**Records from a data source**
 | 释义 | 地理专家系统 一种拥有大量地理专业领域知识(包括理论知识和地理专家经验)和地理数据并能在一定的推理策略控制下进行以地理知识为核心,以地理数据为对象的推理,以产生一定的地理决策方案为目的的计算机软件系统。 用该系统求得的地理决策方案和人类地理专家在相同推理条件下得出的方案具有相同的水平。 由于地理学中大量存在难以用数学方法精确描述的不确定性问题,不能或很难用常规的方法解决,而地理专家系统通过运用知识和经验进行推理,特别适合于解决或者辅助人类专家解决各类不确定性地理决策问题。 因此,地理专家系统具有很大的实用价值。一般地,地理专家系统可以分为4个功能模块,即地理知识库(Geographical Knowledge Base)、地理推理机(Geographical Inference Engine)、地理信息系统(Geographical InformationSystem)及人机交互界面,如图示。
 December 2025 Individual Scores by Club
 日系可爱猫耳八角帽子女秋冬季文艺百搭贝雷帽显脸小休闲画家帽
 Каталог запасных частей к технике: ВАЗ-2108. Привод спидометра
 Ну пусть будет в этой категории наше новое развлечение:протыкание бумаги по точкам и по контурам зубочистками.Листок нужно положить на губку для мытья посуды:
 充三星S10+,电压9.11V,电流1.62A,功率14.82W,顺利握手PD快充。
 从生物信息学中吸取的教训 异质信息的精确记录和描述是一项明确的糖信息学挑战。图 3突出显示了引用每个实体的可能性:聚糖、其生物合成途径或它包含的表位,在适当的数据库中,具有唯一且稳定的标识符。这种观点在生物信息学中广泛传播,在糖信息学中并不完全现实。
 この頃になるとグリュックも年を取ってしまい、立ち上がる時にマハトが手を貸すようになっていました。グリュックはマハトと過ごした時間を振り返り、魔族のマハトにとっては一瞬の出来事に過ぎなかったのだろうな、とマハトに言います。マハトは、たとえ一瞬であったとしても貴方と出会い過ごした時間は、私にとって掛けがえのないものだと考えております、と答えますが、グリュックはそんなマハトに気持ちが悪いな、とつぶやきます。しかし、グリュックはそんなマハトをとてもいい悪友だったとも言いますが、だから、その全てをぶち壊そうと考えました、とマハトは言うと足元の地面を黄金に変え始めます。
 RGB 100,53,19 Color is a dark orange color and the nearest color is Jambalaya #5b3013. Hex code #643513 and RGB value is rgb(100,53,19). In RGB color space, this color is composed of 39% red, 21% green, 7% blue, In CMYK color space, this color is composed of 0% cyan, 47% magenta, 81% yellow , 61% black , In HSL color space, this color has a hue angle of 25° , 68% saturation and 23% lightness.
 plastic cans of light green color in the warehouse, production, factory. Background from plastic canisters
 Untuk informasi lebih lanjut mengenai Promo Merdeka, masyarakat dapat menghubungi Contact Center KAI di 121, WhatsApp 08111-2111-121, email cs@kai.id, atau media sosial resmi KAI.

**WHAT YOU HAVE TO DO**
Nothing outside the span should appear: transcribe the lines from the one containing "充三星S10+,电压9.11" through the last line of the records.

**WRITTEN ANSWER**
 充三星S10+,电压9.11V,电流1.62A,功率14.82W,顺利握手PD快充。
 从生物信息学中吸取的教训 异质信息的精确记录和描述是一项明确的糖信息学挑战。图 3突出显示了引用每个实体的可能性:聚糖、其生物合成途径或它包含的表位,在适当的数据库中,具有唯一且稳定的标识符。这种观点在生物信息学中广泛传播,在糖信息学中并不完全现实。
 この頃になるとグリュックも年を取ってしまい、立ち上がる時にマハトが手を貸すようになっていました。グリュックはマハトと過ごした時間を振り返り、魔族のマハトにとっては一瞬の出来事に過ぎなかったのだろうな、とマハトに言います。マハトは、たとえ一瞬であったとしても貴方と出会い過ごした時間は、私にとって掛けがえのないものだと考えております、と答えますが、グリュックはそんなマハトに気持ちが悪いな、とつぶやきます。しかし、グリュックはそんなマハトをとてもいい悪友だったとも言いますが、だから、その全てをぶち壊そうと考えました、とマハトは言うと足元の地面を黄金に変え始めます。
 RGB 100,53,19 Color is a dark orange color and the nearest color is Jambalaya #5b3013. Hex code #643513 and RGB value is rgb(100,53,19). In RGB color space, this color is composed of 39% red, 21% green, 7% blue, In CMYK color space, this color is composed of 0% cyan, 47% magenta, 81% yellow , 61% black , In HSL color space, this color has a hue angle of 25° , 68% saturation and 23% lightness.
 plastic cans of light green color in the warehouse, production, factory. Background from plastic canisters
 Untuk informasi lebih lanjut mengenai Promo Merdeka, masyarakat dapat menghubungi Contact Center KAI di 121, WhatsApp 08111-2111-121, email cs@kai.id, atau media sosial resmi KAI.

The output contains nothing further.